Add this mutation definition to your existing schema.graphqls:
type Mutation {
createPickupStore(input: PickupStoreInput!): PickupStoreOutput
@resolver(class: "Vendor\\GraphQLStorePickup\\Model\\Resolver\\CreatePickUpStore")
@doc(description: "Creates a new in-store pickup location.")
}
type PickupStoreOutput {
pickup_store: PickupStore
}
input PickupStoreInput {
name: String!
street: String
street_number: Int
city: String
postcode: String
latitude: Float
longitude: Float
}
Key points: The ! denotes a non-nullable field. The @resolver directive points to our class. The output type mirrors the query's PickupStore type to ensure consistency.
Module Installation and Deployment
Enable the module and apply schema changes. Since we are modifying the DB schema (assuming the initial module created a table), you must generate a whitelist and upgrade.

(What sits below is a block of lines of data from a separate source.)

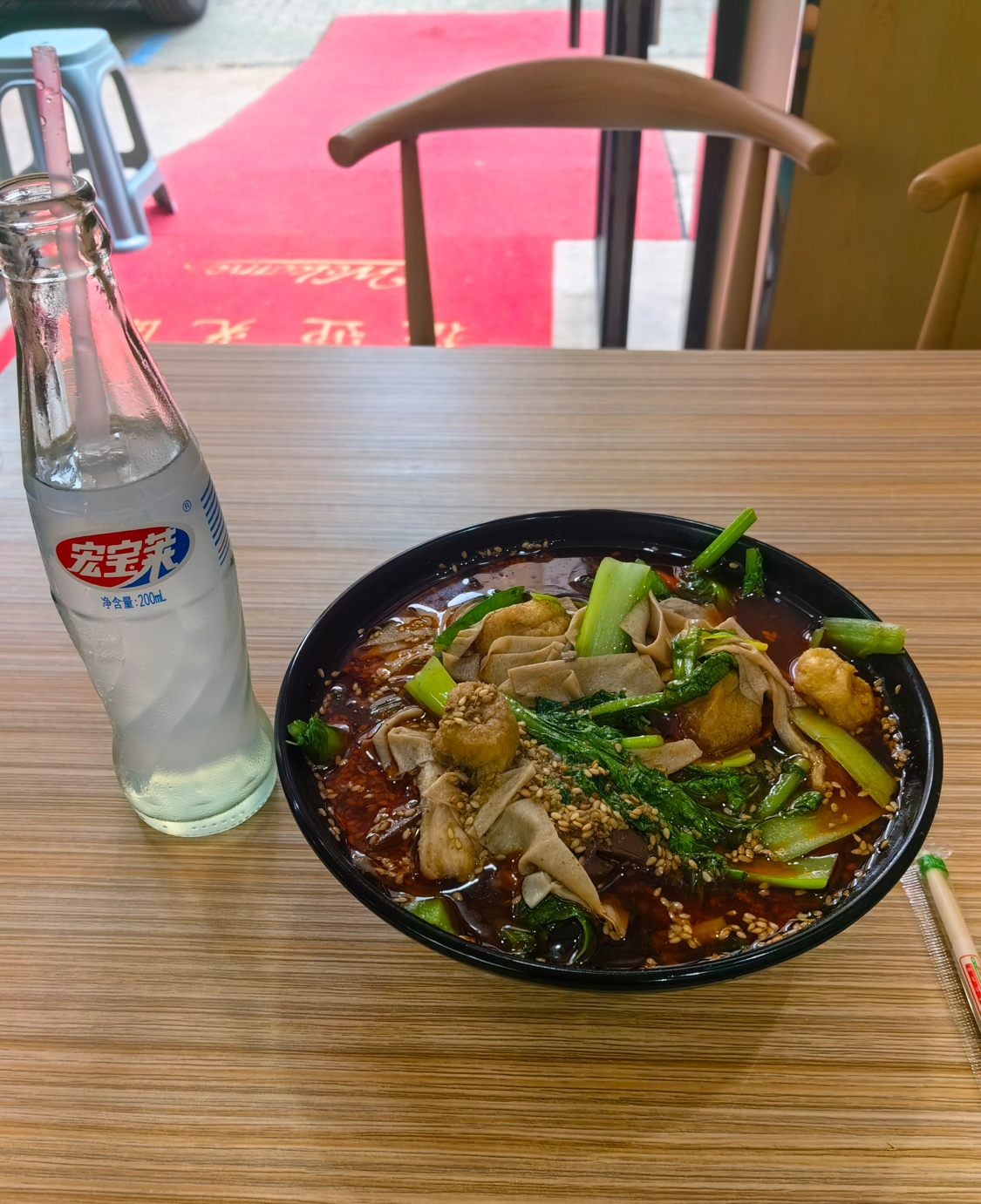 Fried Noodles with Soup and Vegetables | ["fried noodles","vegetables","soup broth"] | ["noodles:300g","soup:200g","vegetables:150g"] | |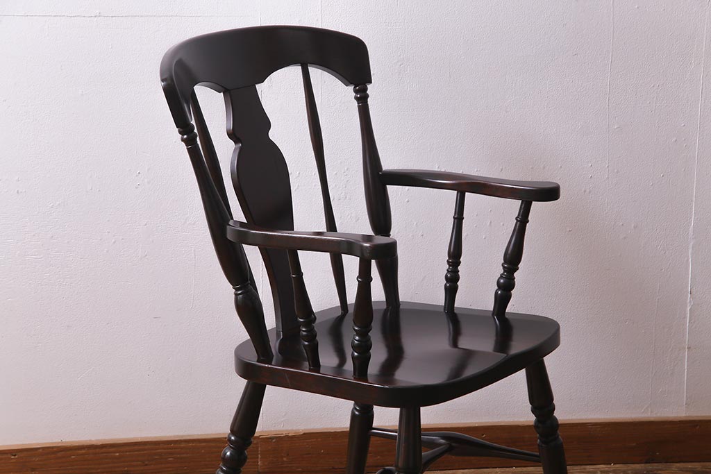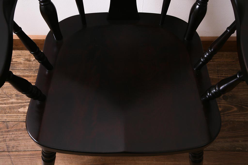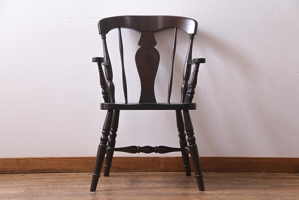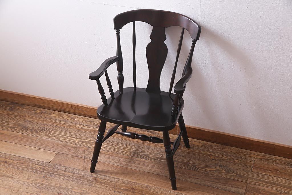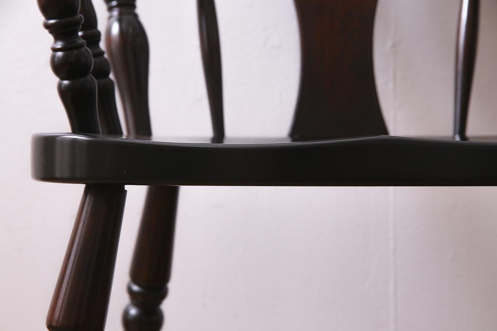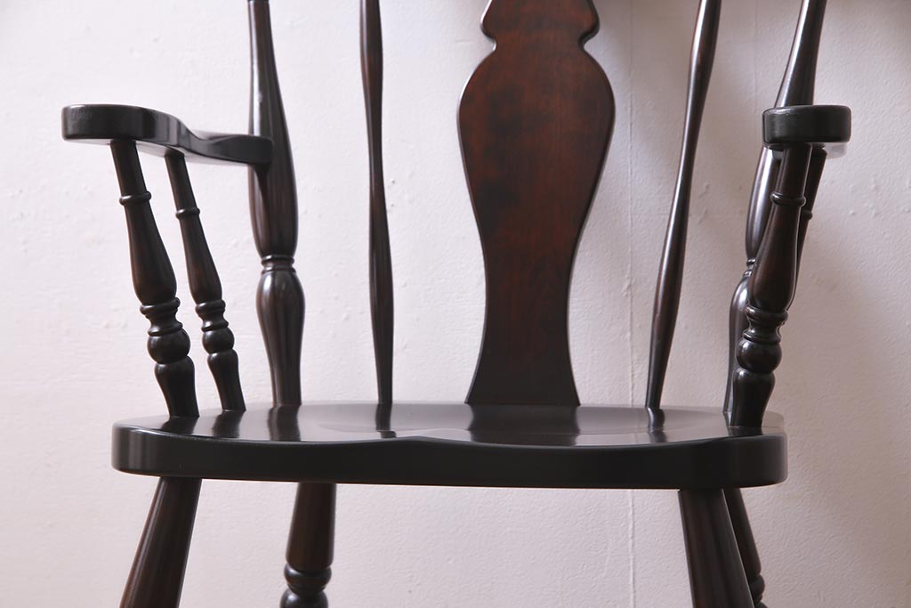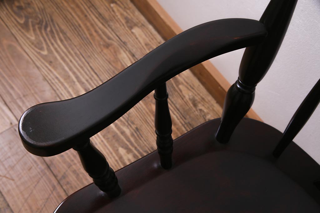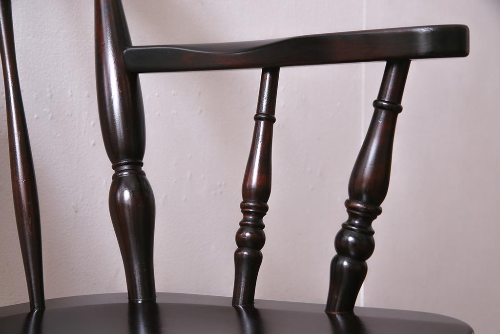 椅子・ベンチ> ダイニングチェア > 中古 北海道民芸家具 上品な雰囲気漂うアームチェア(ウィンザーチェア、ダイニングチェア、椅子、ウインザーチェア)(R-038274)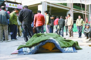 2日下午1時(shí)許,一工人的尸體被棉被蓋住擺在工地一旁。當(dāng)天上午,一河南開封籍工人在海淀區(qū)復(fù)興路某工地12層樓外作業(yè)時(shí),不慎墜下身亡。事發(fā)后,警方及建設(shè)安全監(jiān)管人員到場調(diào)查,死者堂弟費(fèi)先生阻止尸體被抬離欲討說法。17時(shí)許,尸體仍停放在工地門口。堂弟稱經(jīng)與工地方協(xié)商,事情將按規(guī)定程序處理,正等死者直系親屬到達(dá)。記者 王嘉寧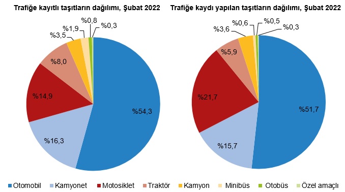 Şubat ayı sonu itibarıyla trafiğe kayıtlı taşıtların %54,3'ünü otomobil, %16,3'ünü kamyonet, %14,9'unu motosiklet, %8,0'ını traktör, %3,5'ini kamyon, %1,9'unu minibüs, %0,8'ini otobüs ve %0,3'ünü özel amaçlı taşıtlar oluşturdu.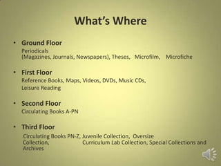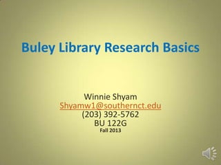 This document provides an overview of resources and services available at Buley Library. It describes the layout of the library including locations for periodicals, books, videos, and special collections. It outlines how to search the online catalog to find books, DVDs, and other materials. The document explains how books are arranged on the shelves using the Library of Congress classification system. It also provides guidance on performing different types of searches and using search operators to focus results. Additionally, it reviews how to find and evaluate journal, magazine, and newspaper articles using library databases. The document concludes by highlighting research guides and ways to get assistance from the reference desk or a subject librarian.
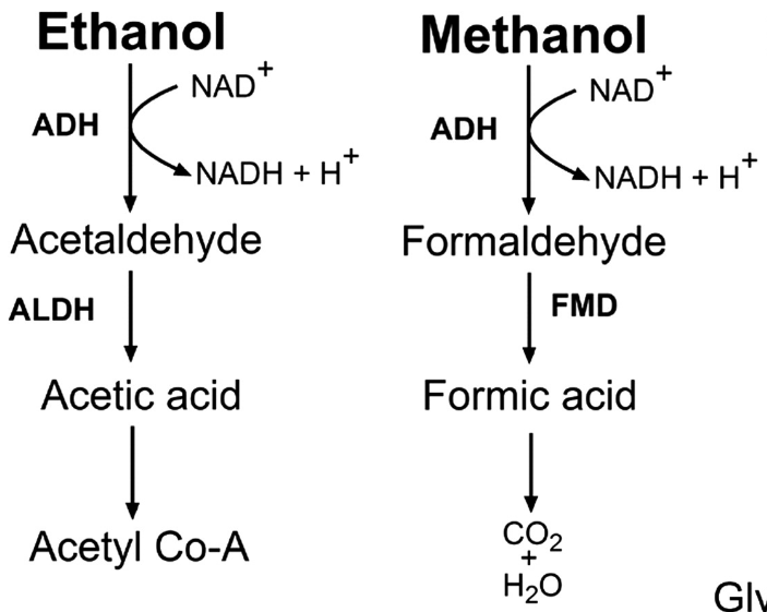 메탄올을 마시게 되면 기본적으로 뇌에 존재하는 GABA수용체를 건드는거라 효과는 있을지 모르겠지만 간에서 일어나는 체내 분해과정에서 포름알데히드를 거쳐 독성이 있는 포름산이 만들어지는데요. 포름알데히드는 방부제로 단백질 조직을 변성시켜 굳혀버리고 포름산은 미토콘드리아의 에너지 대사를 막아버립니다. 따라서 섭취하면 심각한 장기 손상의 위험이 있습니다.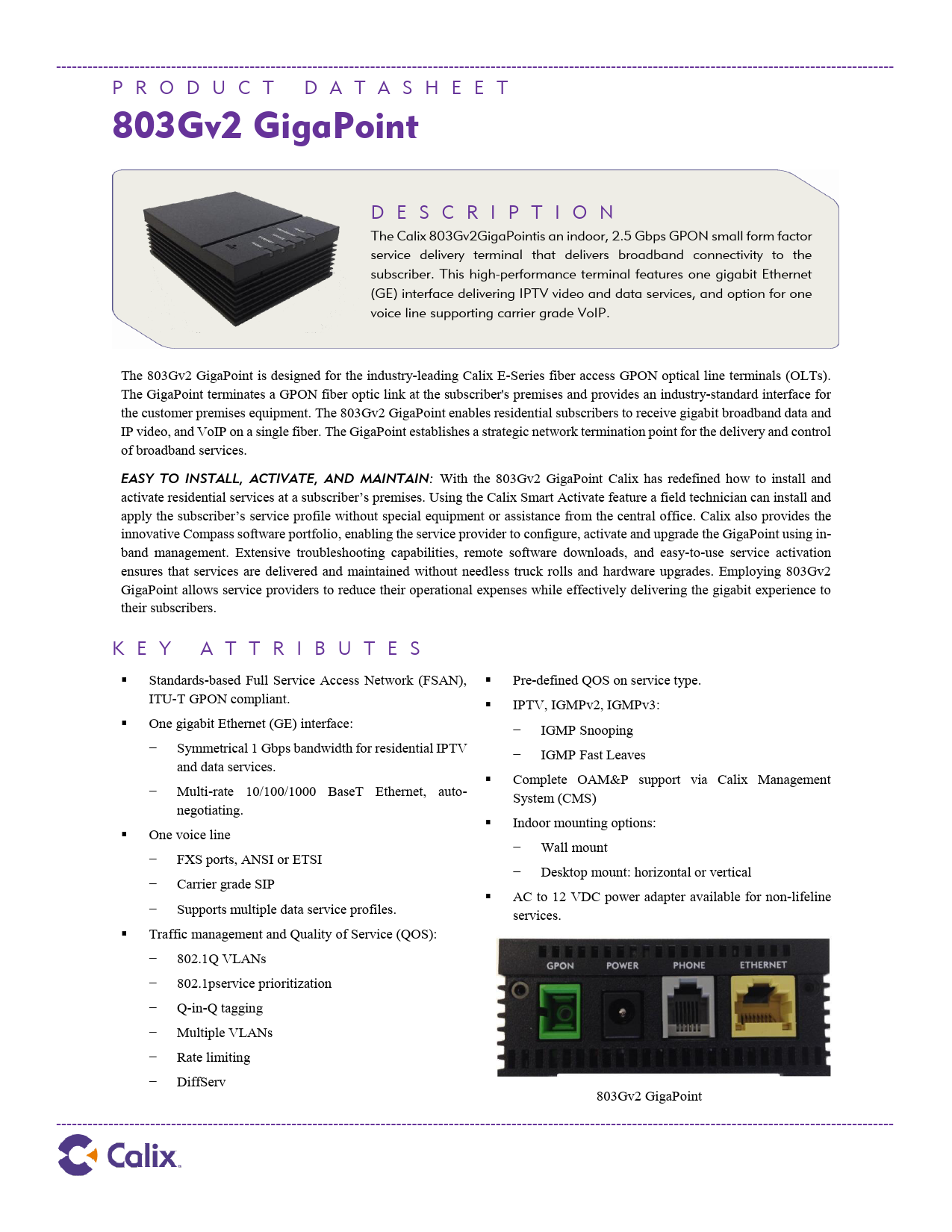 ---------------------------------------------------------------------------------------------------------------------------------------------------------------PRODUCT DATASHEET 803Gv2 GigaPoint DESCRIPTION The Calix 803Gv2GigaPointis an indoor, 2.5 Gbps GPON small form factor service delivery terminal that delivers broadband connectivity to the subscriber. This high-performance terminal features one gigabit Ethernet (GE) interface delivering IPTV video and data services, and option for one voice line supporting carrier grade VoIP. The 803Gv2 GigaPoint is designed for the industry-leading Calix E-Series fiber access GPON optical line terminals (OLTs). The GigaPoint terminates a GPON fiber optic link at the subscriber's premises and provides an industry-standard interface for the customer premises equipment. The 803Gv2 GigaPoint enables residential subscribers to receive gigabit broadband data and IP video, and VoIP on a single fiber. The GigaPoint establishes a strategic network termination point for the delivery and control of broadband services. EASY TO INSTALL, ACTIVATE, AND MAINTAIN: With the 803Gv2 GigaPoint Calix has redefined how to install and activate residential services at a subscriber's premises. Using the Calix Smart Activate feature a field technician can install and apply the subscriber's service profile without special equipment or assistance from the central office. Calix also provides the innovative Compass software portfolio, enabling the service provider to configure, activate and upgrade the GigaPoint using inband management. Extensive troubleshooting capabilities, remote software downloads, and easy-to-use service activation ensures that services are delivered and maintained without needless truck rolls and hardware upgrades. Employing 803Gv2 GigaPoint allows service providers to reduce their operational expenses while effectively delivering the gigabit experience to their subscribers. KEY ATTRIBUTES Standards-based Full Service Access Network (FSAN), Pre-defined QOS on service type. ITU-T GPON compliant. IPTV, IGMPv2, IGMPv3: One gigabit Ethernet (GE) interface: - IGMP Snooping - Symmetrical 1 Gbps bandwidth for residential IPTV - IGMP Fast Leaves and data services. Complete OAM&P support via Calix Management - Multi-rate 10/100/1000 BaseT Ethernet, auto- System (CMS) negotiating. Indoor mounting options: One voice line - Wall mount - FXS ports, ANSI or ETSI - Desktop mount: horizontal or vertical - Carrier grade SIP AC to 12 VDC power adapter available for non-lifeline - Supports multiple data service profiles. services. Traffic management and Quality of Service (QOS): - 802.1Q VLANs - 802.1pservice prioritization - Q-in-Q tagging - Multiple VLANs - Rate limiting - DiffServ 803Gv2 GigaPoint ---------------------------------------------------------------------------------------------------------------------------------------------------------------- ---------------------------------------------------------------------------------------------------------------------------------------------------------------SPECIFICATIONS 803Gv2 GigaPoint DIMENSIONS Width:3.0 in (7.6 cm) Height:4.0 in (10.2 cm) Depth:1.25in (3.2 cm) Weight:4oz. (.1kg) PON CHARACTERISTICS Max. split: 64 GPON Max. reach: 58 km (36 miles) with C+/FEC Maximum Optical Distribution Network (ODN) Attenuation: GPON Class B+, 28 dB 1490 ± 10 nm optical receiver: 27.0 to 8.0 dBm 1310 ± 20 nm optical transmitter: 0.5 to 5.0 dBm INTERFACES Data/IPTV: One 10/100/1000 BaseT Ethernet port, RJ-45 connector Telephony (803Gv2): One RJ-11 connector PON: Single 9/125 µm (single mode) fiber, SC/APC connector, minimum 50 dB return loss Power: 2-pin connector TELEPHONY General: SIP Number of lines:1 RENs:5 maximum Drop length: Maximum 500 feet (152.4 m) DS0 Output: 25 mA Ring Voltage:4555 VAC ENVIRONMENTAL Operating temperature: Indoor ambient temperature, 0° to 40°C (32° to 104°F) Operating/storage relative humidity: 10 to 95 % non-condensing Altitude: 0 to 10,000 feet (0 to 3,048 m) above sea level DATA Drop length:328 feet (100 m) maximum using CAT5 cable Auto MDI/MDIX crossover for 1000BASE-TX, 100BASE-TX, and 10BASE-T ports Traffic Management and QOS: 802.1Q VLAN; 802.1pVoice, Video, Data and Management Priorities; Q-in-Q tagging; Per-Port Rate Shaping; Rate Limiting CERTIFICATION AND COMPLIANCE Emissions: FCC Part 15 Class B IC ICES-003 Class B CISPR-32 Safety: UL 60950 and UL 1697 approved IEEE:802.3, 802.3AB, 802.3U, 802.11p, 802.11Q POWERING AND ALARMS 2-pin connector Input voltage: 12 VDC (nominal), 10 VDC (min.), 15 VDC (max) External Power Adapter: 12 VDC, 1A Typical Power: 5 W, Peak Power: 7 W 2-pin power cable for UPS support Dying Gasp ORDERING INFORMATION Calix 803Gv2 GigaPoint 100-04797......................... 803Gv2 GigaPoint, 1 GE, 1 POTS ---------------------------------------------------------------------------------------------------------------------------------------------------------------- 1035 N. McDowell Blvd., Petaluma CA 94954 TEL: 877.766.3500 WWW.CALIX.COM © Calix. All Rights Reserved. 250-00367 Rev.10 Page 2Microsoft Word 2016

bin/magento module:enable Vendor_GraphQLStorePickup
bin/magento setup:db-declaration:generate-whitelist --module-name=Vendor_GraphQLStorePickup
bin/magento setup:upgrade
The whitelist command is critical for Magento 2.4 and above when using declarative schema. It prevents the system from removing your custom table.
Testing the Mutation
You can't just hit the /graphql endpoint in a browser. Use a GraphQL client like Altair, Postman with GraphQL support, or the integrated GraphiQL explorer if you have a module for it. Here's a sample mutation payload.
mutation {
createPickupStore(
input: {
name: "Downtown Flagship"
street: "Commerce Ave"
street_number: 455
city: "Brooklyn"
postcode: "11201"
latitude: 40.6782
longitude: -73.9442
}
) {
pickup_store {
entity_id
name
city
}
}
}
A successful response will return the fields you requested, confirming the record was created with its new entity_id. If you mess up a required field, the GraphQL layer will return a structured error pointing to the input argument.
Building this forces you to consider Magento's layered architecture. Maybe that's the point. You separate routing, validation, and business logic. The result is a mutation that's clear, maintainable, and ready for you to add authentication and complex validation. This approach scales.